The presence retreated from the boy's mind as soon as it had felt Shane reach back. Instantly, the vision 'smash cut' to a view out the boy's own familiar eyes once again. He was on the ground, in the grass, gazing up at the clear, sunny sky with one hand in the air helping keep the sun out of his face. Shane actually hadn't expected to see anything, but in fact he now did: something was in the sky - a shadow against a bright blue background, so high and so fleeting the boy couldn't make out its shape well. His heart rate doubled in a tenth of a second as he squinted to get a better picture of the shadow dot, but just as he did it darted toward the only cloud. Shane thought he could track and identify the shape before it got there, but-
Honk!
"Jesus!" Having gotten so lost in his own head, Shane startled and bounced like a rubber ball onto his feet. A car horn had just blasted him from only a couple dozen feet away, and the boy needed a shake of the head in order to recover from that shock. After plopping himself in the passenger seat of an F-150, school bag at his feet, the young man complained, "You just had to shout, dude."
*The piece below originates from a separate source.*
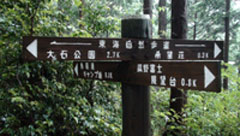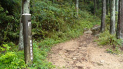 東海自然歩道の分岐まで戻り往路を引き返す予定でいたが、東海自然歩道を湯ノ山温泉まで行く事にする分岐点の所にロープに「この先通行止」標識が逢ったが駅の案内では通行できると聞いていたので湯ノ山温泉を目指す。菰野富士より標高の高いコブを3つほど越えるので汗をかいてくる。

The driver explained, "You looked all spaced-out. I thought you were having one of your 'episodes.'" Like Shane, the driver was a young man dressed for outdoor activity. He had a ratty school bag stashed in the back seat, next to which Shane would set his own. The main differences between the two boys were that the driver was much taller than his passenger by almost six inches and had an ever-so-slightly darker complexion. And yet, despite these differences, it wasn't uncommon that the pair were occasionally mistaken for brothers at school.
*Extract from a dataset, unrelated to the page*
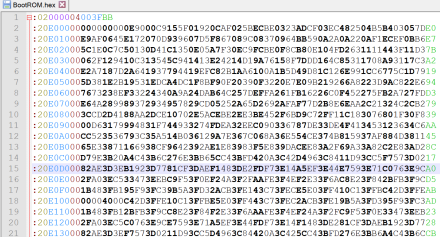 8.打開保存的文件BootROM.hex,可以看到對(duì)應(yīng)格式的內(nèi)存數(shù)據(jù)。

"Well, I wasn't," Shane grumbled. He didn't think his driver could get away from this place soon enough; the passenger turned his head and watched the structure become smaller in the distance just to be sure it was actually gone. "Thanks for coming to get me early."
"Yeah, no problem," the driver casually replied, "You good?"
"Is there any point in saying 'yeah?'" the young man resigned. "Ali, I'm telling you, that guy doesn't get it." Even after the schoolhouse was out of view, Shane was letting his eyes drift out the passenger side window. He glanced constantly up at the sky, even while carrying on the conversation. "Mr. Dan doesn't want to help anyone. He's just out to make easy money as the only game in town and recruit for Jesus while he's at it."
Ali frowned. "I'm sure he's doing the best he can."
"Like hell," Shane spat, "I'm not going back. No offense, man, but schizoids need loopy pills and special teachers, not thoughts and prayers."
"Y'know that was kind of offensive, right?"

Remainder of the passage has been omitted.